Mitigating the Negatives

During the Brookings event, Acemoglu said that “society benefits from power balances,” and because AI development is concentrated in just a handful of companies, the field needs to be democratized with competition and more diverse voices.

Even if the downsides are not imminent or substantial, Acemoglu writes, “it may be useful to understand them before they are fully realized and become harder or even impossible to reverse, precisely because of AI’s promising and wide-reaching potential.”

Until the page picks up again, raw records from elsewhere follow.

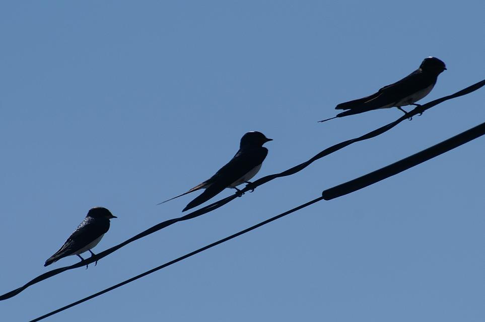たくさんのツバメたちが来て、引込み線で休みます。
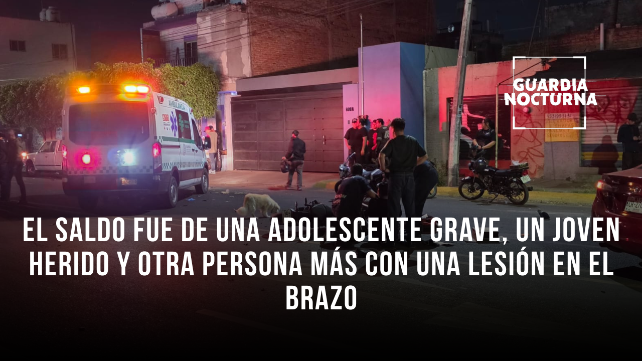 Un fuerte accidente se registró en la colonia Lomas de Tlaquepaque, donde un choque frontal entre dos motocicletas dejó un saldo de tres personas lesionadas, entre ellas una menor de edad en estado crítico.
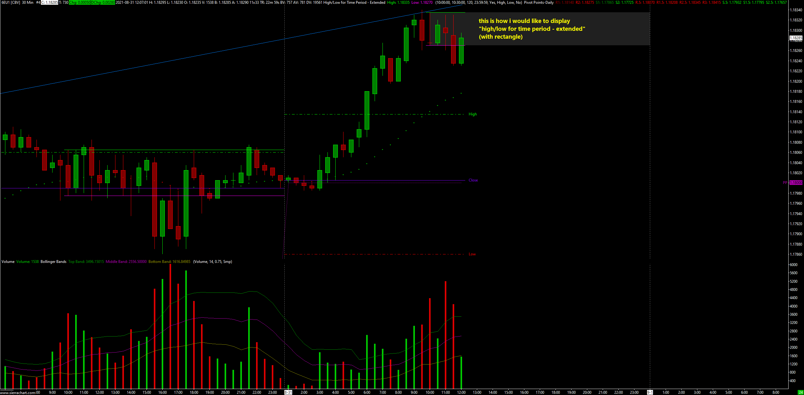 We really are not understanding this. Unless a drawing is a Ray or an Extending Rectangle, it is not going to extend forward. For example, I want the rectangle to be drawn on the first 30min of UK and NY session opening, till the end of the day for every day. Refer to this study:High/Low for Time Period Use this link: https://www.sierrachart.com/SupportBoard.php?do=ViewPosts Sierra Chart Support - Engineering Level Your definitive source for support. Other responses are from users. Try to keep your questions brief and to the point. Be aware of support policy: https://www.sierrachart.com/index.php?l=PostingInformation.php#GeneralInformation For the most reliable, advanced, and zero cost futures order routing, *change* to the Teton service: Sierra Chart Teton Futures Order Routing |

The paper covers three broad areas of AI economic and social costs: collection and control of information; labor market effects; and communication and democracy.

Acemoglu concludes that the best way to prevent the costs is “to regulate AI and redirect AI research, away from these harmful endeavors and towards areas where AI can create new tasks that increase human productivity and new products and algorithms that can empower workers and citizens.” He acknowledges that “such a redirection is unlikely, and regulation of AI is probably more difficult than the regulation of many other technologies – both because of its fast-changing, pervasive nature and because of the international dimension.

“We also have to be careful,” he adds, “since history is replete with instances in which governments and powerful interest groups opposed new technologies, with disastrous consequences for economic growth. Nevertheless, the importance of these potential harms justifies the need to start having such conversations.”